TASK OBJECTIVE: Starting from the line with "Its main dome" and going up to and including the line with "Šaty s výstrihom", copy the listing below exactly. Leave all images out.
:: DATA FOR PROCESSING
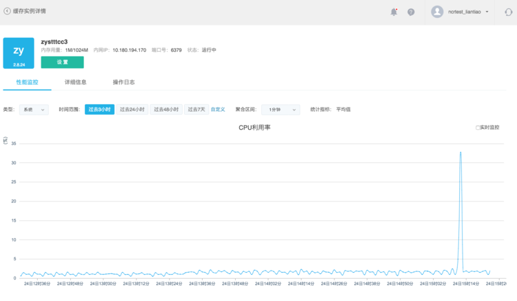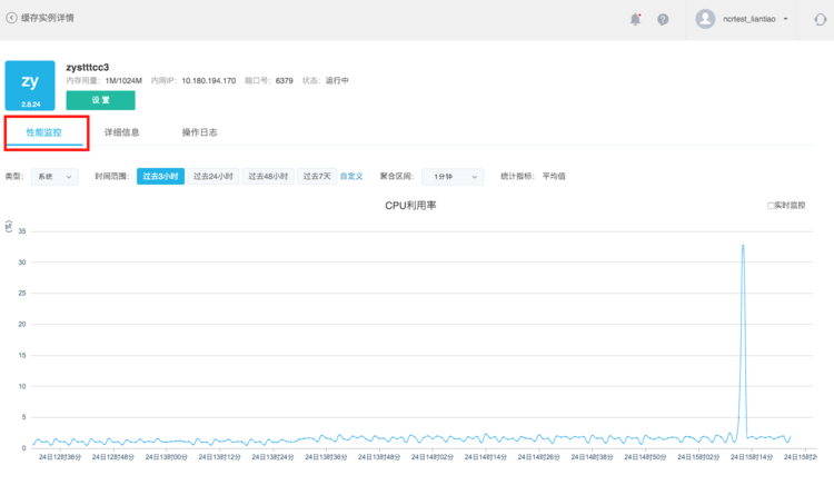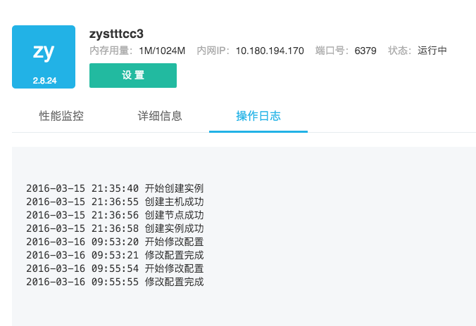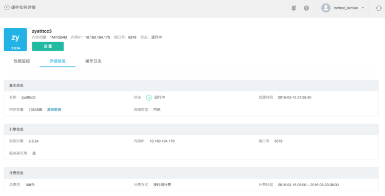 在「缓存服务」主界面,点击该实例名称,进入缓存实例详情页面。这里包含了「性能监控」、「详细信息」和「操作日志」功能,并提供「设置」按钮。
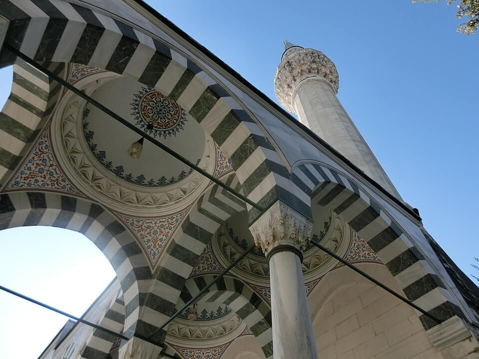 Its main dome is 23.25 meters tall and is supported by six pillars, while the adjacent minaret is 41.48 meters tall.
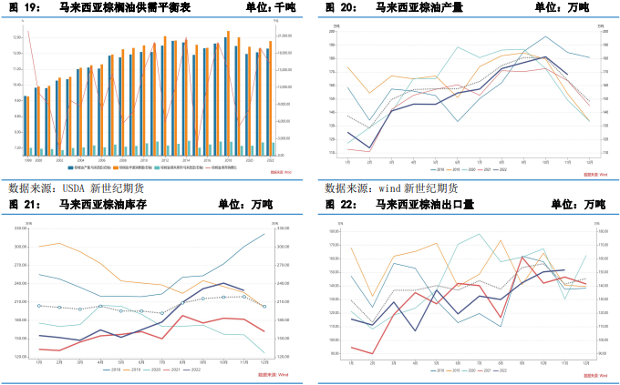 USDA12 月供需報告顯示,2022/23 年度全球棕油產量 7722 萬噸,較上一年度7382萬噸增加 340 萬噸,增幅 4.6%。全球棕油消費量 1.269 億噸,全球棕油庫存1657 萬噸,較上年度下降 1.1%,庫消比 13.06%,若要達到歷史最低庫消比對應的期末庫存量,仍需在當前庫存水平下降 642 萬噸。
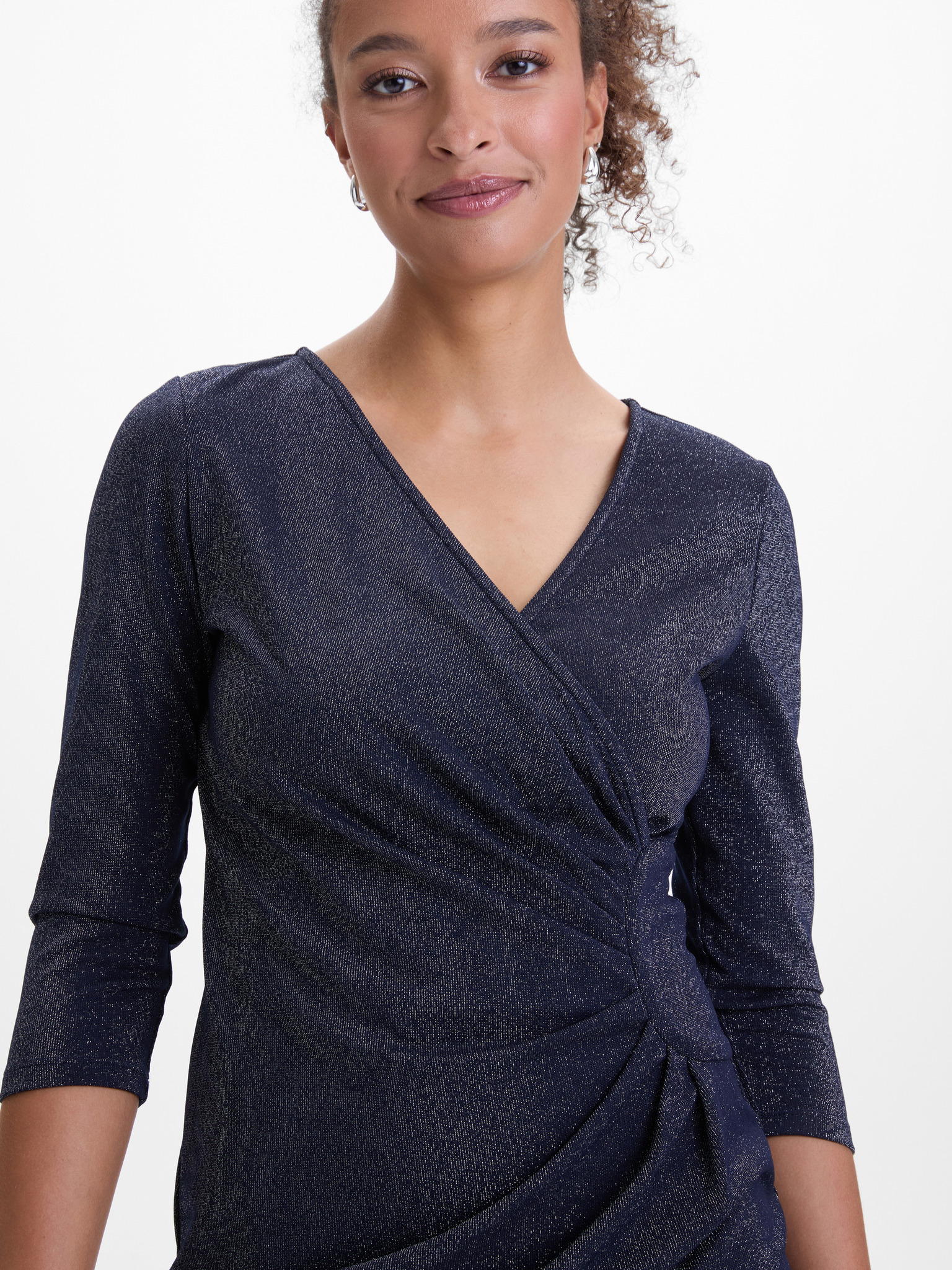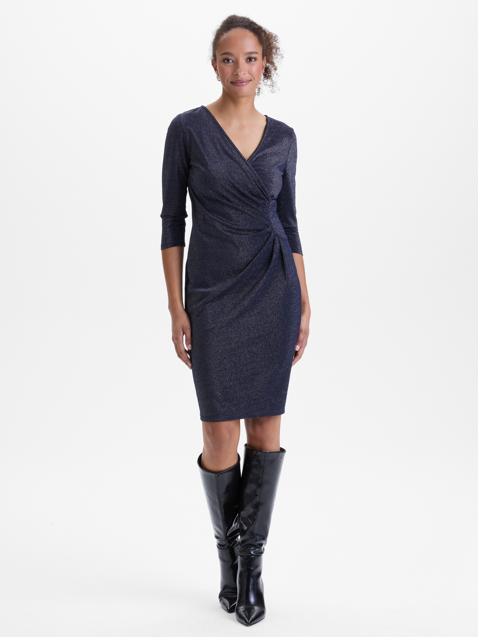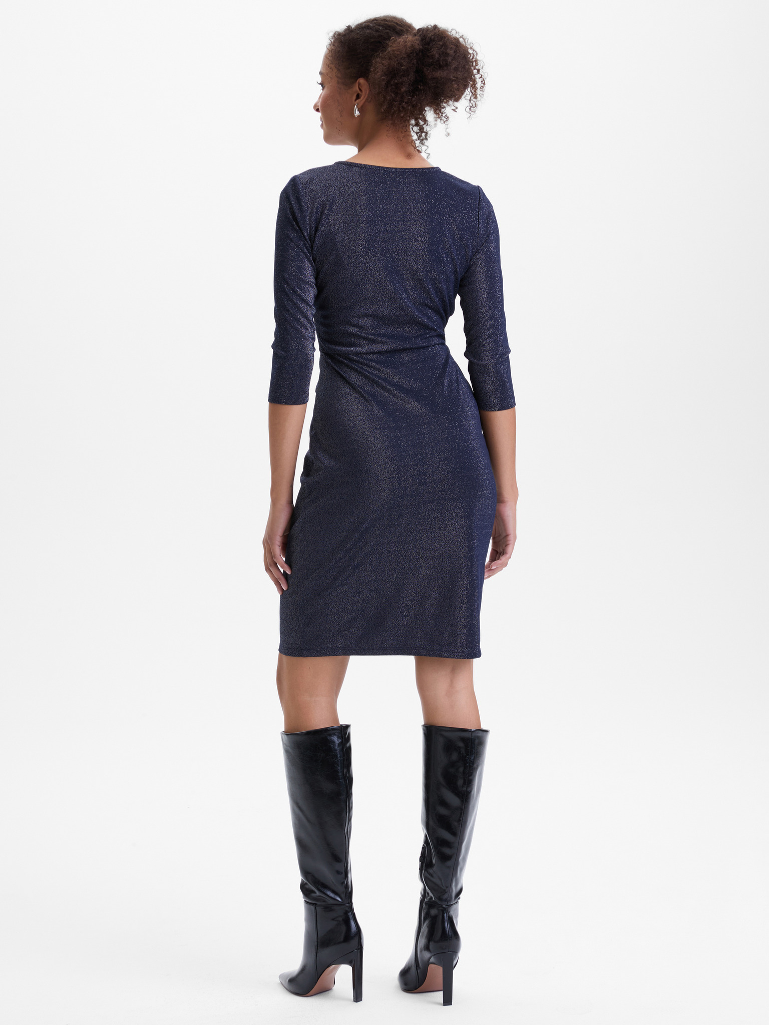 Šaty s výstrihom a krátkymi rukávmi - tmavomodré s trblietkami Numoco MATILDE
::::
:: DATA FOR PROCESSING
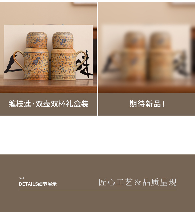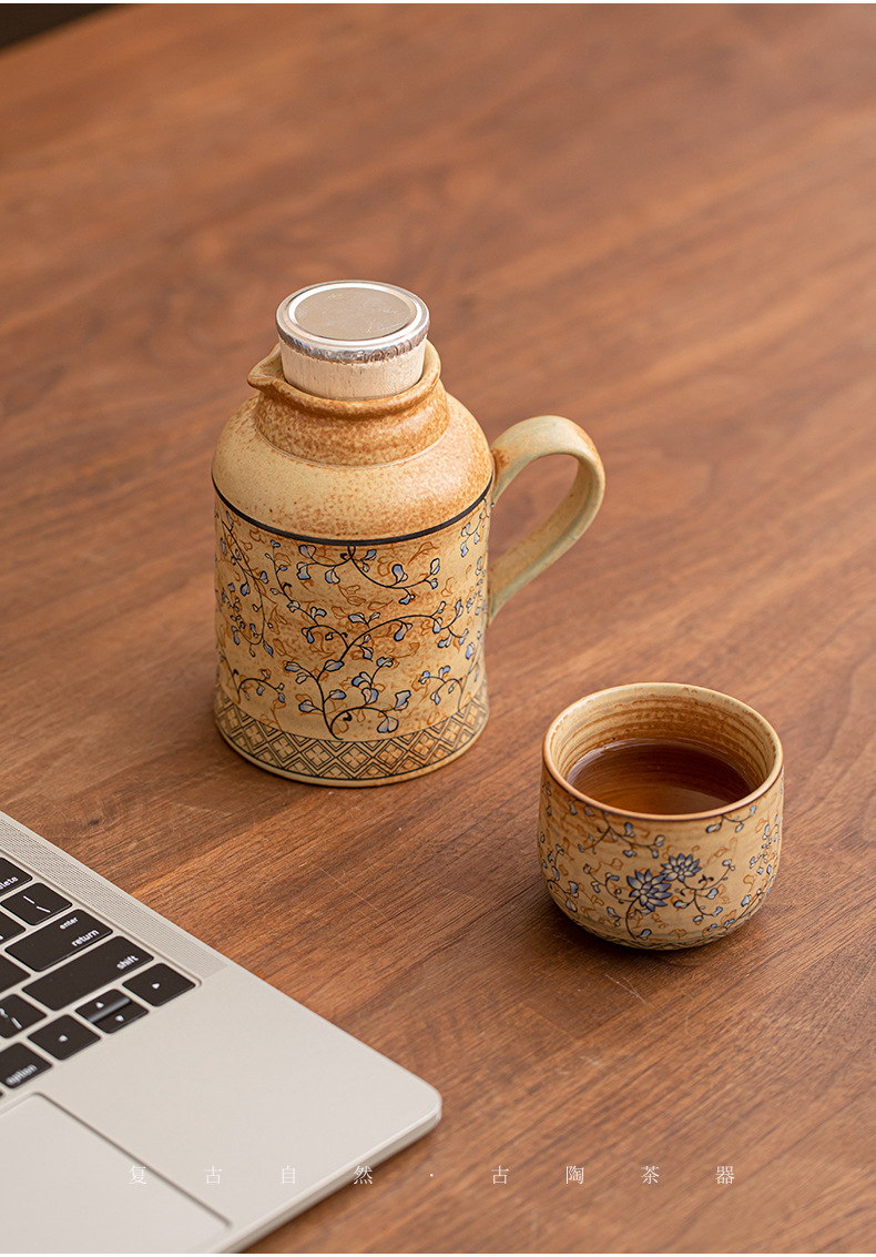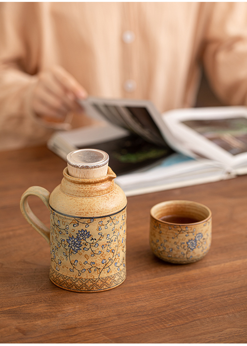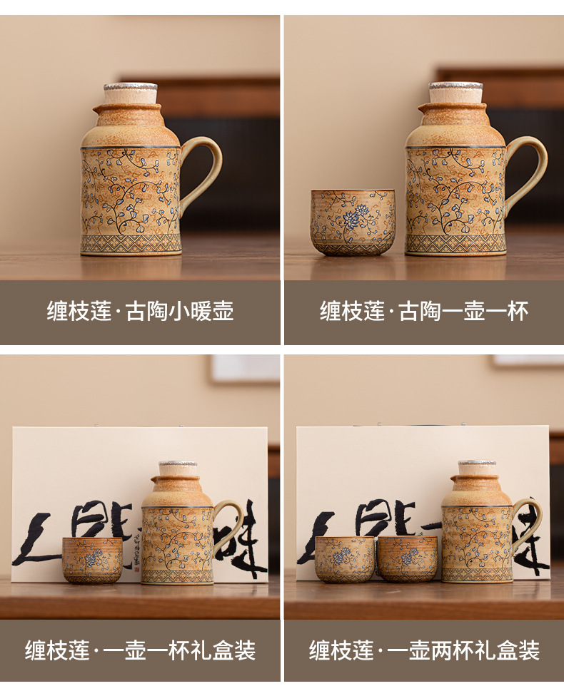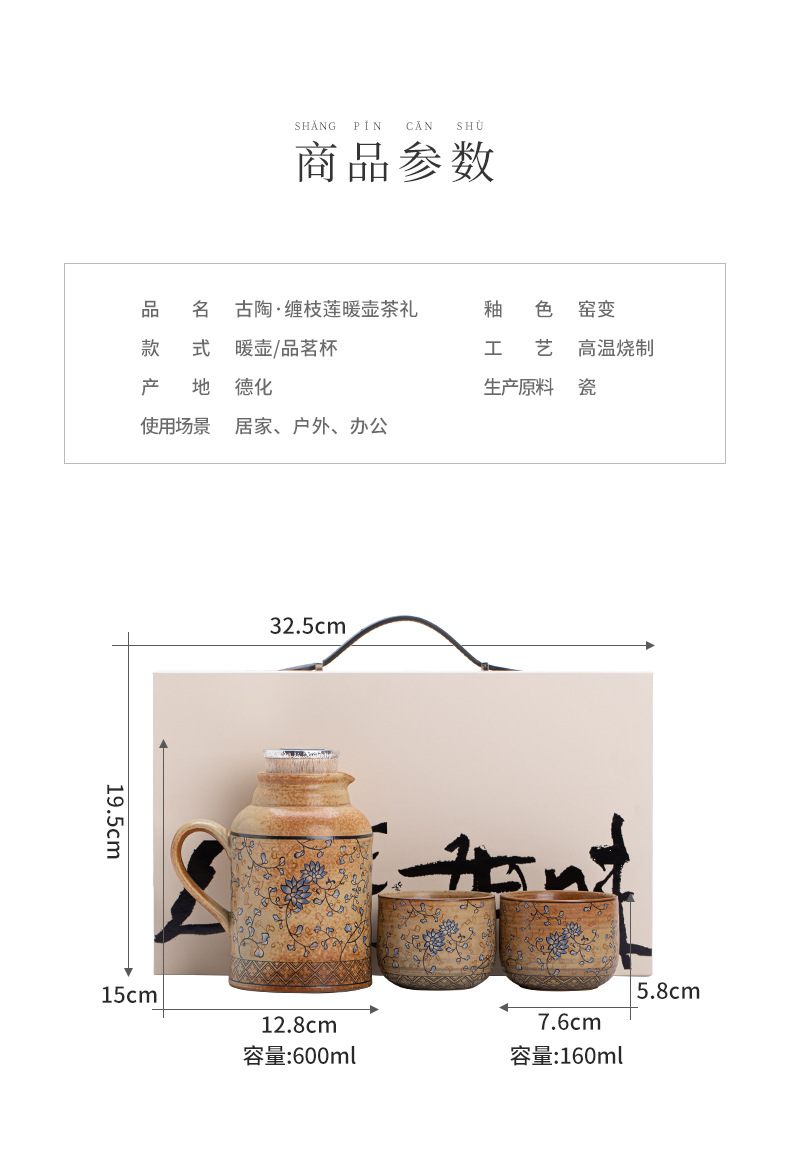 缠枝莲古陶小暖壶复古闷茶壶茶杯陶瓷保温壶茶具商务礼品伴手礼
::::
:: DATA FOR PROCESSING
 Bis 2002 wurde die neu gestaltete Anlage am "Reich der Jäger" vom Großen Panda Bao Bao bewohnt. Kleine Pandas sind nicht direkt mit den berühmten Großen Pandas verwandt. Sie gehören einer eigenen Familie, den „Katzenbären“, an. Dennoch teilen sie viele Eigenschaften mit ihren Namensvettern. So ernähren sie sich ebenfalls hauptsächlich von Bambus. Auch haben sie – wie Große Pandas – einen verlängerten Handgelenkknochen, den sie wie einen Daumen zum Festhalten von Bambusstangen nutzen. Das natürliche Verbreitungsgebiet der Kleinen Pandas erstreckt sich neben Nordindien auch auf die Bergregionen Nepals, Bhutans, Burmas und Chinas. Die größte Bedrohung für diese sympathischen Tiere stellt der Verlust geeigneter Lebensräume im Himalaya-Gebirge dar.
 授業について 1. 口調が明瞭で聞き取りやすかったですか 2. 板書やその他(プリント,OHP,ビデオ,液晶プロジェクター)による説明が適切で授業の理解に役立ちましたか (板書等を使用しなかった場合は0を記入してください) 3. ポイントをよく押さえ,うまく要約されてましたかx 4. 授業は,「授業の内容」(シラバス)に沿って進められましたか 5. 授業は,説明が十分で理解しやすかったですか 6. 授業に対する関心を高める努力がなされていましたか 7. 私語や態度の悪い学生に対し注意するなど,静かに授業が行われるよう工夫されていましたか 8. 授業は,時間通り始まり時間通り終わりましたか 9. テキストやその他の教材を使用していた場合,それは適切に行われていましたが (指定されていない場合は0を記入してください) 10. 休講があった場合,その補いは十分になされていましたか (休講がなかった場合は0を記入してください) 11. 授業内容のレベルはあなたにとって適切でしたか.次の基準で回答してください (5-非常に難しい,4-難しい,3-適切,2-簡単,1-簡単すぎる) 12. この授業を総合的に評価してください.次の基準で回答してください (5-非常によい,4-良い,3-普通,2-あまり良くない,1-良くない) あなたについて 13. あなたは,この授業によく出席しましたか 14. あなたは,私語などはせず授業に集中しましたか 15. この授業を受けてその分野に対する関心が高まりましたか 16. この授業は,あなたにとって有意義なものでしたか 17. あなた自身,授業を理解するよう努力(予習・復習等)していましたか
::::
ANSWER FOR THIS EXERCISE:
 Its main dome is 23.25 meters tall and is supported by six pillars, while the adjacent minaret is 41.48 meters tall.
 USDA12 月供需報告顯示,2022/23 年度全球棕油產量 7722 萬噸,較上一年度7382萬噸增加 340 萬噸,增幅 4.6%。全球棕油消費量 1.269 億噸,全球棕油庫存1657 萬噸,較上年度下降 1.1%,庫消比 13.06%,若要達到歷史最低庫消比對應的期末庫存量,仍需在當前庫存水平下降 642 萬噸。
 Šaty s výstrihom a krátkymi rukávmi - tmavomodré s trblietkami Numoco MATILDE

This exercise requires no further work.